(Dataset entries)
# # # # # # #

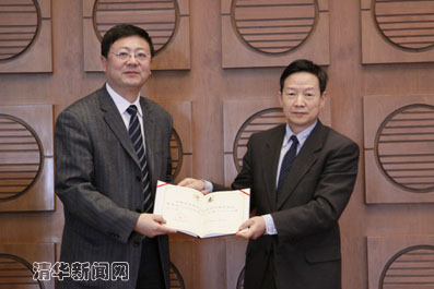 清華大學常務副校長陳吉寧為仇保興頒發聘書
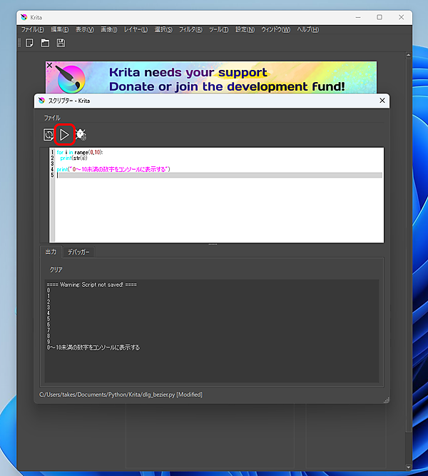 print("for文で何もしない")先ほどのサンプルスクリプト01のようにスクリプティングし、図5のように右向き三角「▷」をクリックして実行するとコンソール画面に文字が表示されます。ここでは、まだ図形を描くなどのKritaの機能は使っていません。
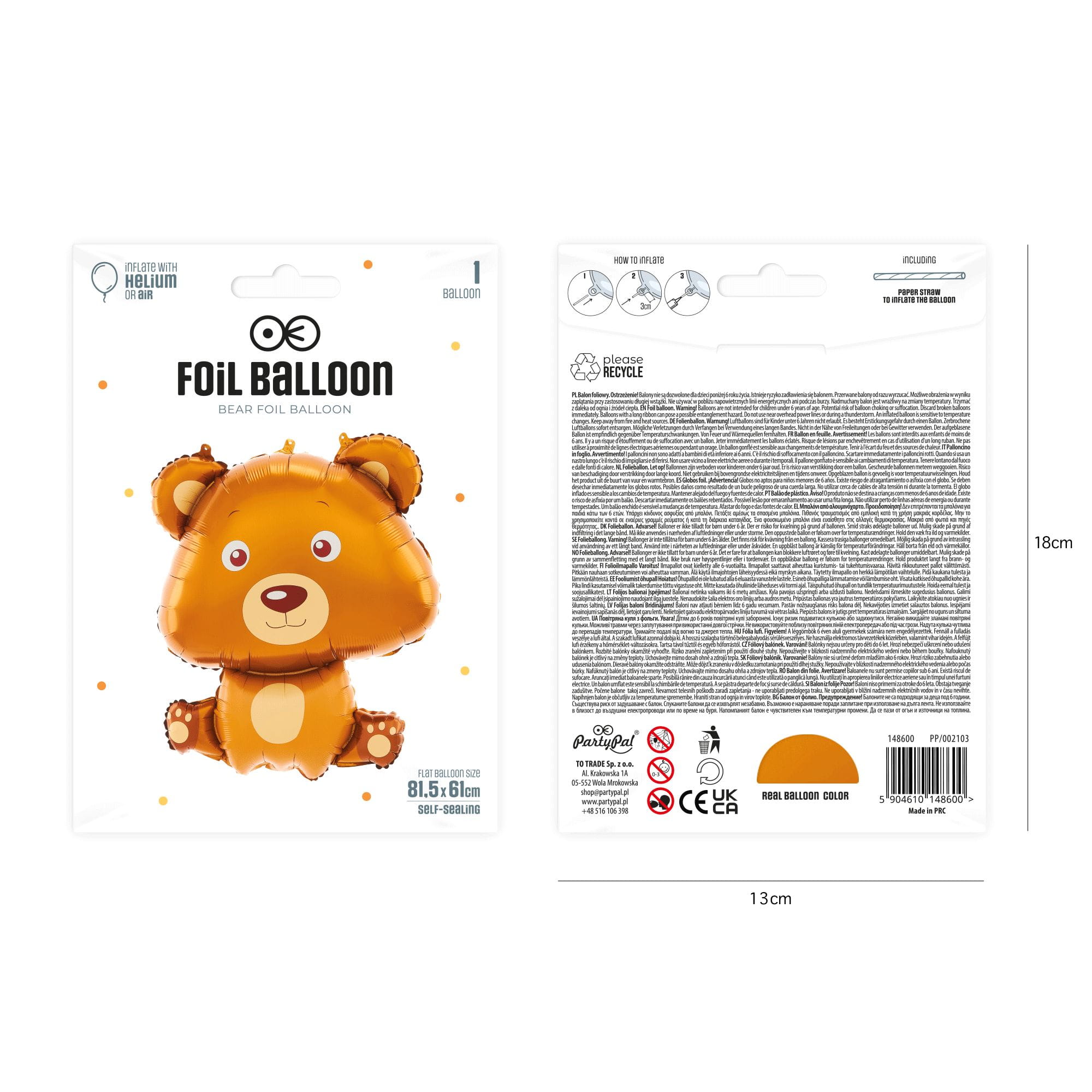 Balon foliowy Niedźwiadek 81 cm
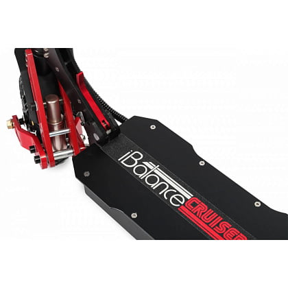 iBalance Cruise оснащен задним приводом, что так же соответствует концепции неспешных прогулок. Дека и почти все силовые элементы электросамоката сделаны из алюминия, исключением является гусь, который сделали из стали. Благодаря контроллеру на 25A iBalance Cruiser уверенно разгоняется и неплохо тянет в гору, максимальная скорость составляет 45 км/ч. За торможение отвечают дисковые гидравлические тормоза, вкупе с электронными на обоих колесах.
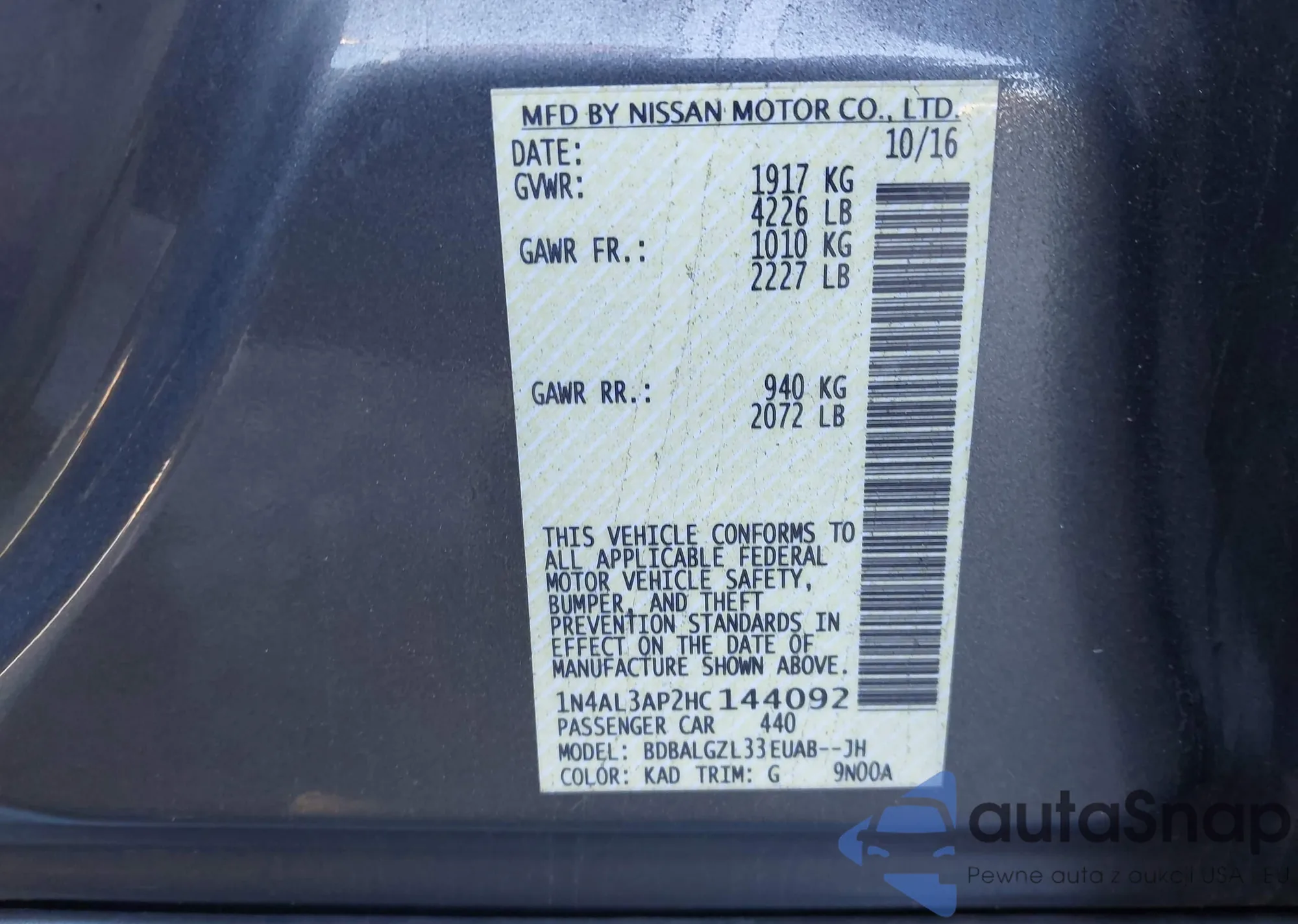 • VIN: 1N4AL3AP2HC144092

# # # # # # #

TASK OBJECTIVE:
Copy the entries precisely, images excluded.

RESPONSE AREA:
 清華大學常務副校長陳吉寧為仇保興頒發聘書
 print("for文で何もしない")先ほどのサンプルスクリプト01のようにスクリプティングし、図5のように右向き三角「▷」をクリックして実行するとコンソール画面に文字が表示されます。ここでは、まだ図形を描くなどのKritaの機能は使っていません。
 Balon foliowy Niedźwiadek 81 cm
 iBalance Cruise оснащен задним приводом, что так же соответствует концепции неспешных прогулок. Дека и почти все силовые элементы электросамоката сделаны из алюминия, исключением является гусь, который сделали из стали. Благодаря контроллеру на 25A iBalance Cruiser уверенно разгоняется и неплохо тянет в гору, максимальная скорость составляет 45 км/ч. За торможение отвечают дисковые гидравлические тормоза, вкупе с электронными на обоих колесах.
 • VIN: 1N4AL3AP2HC144092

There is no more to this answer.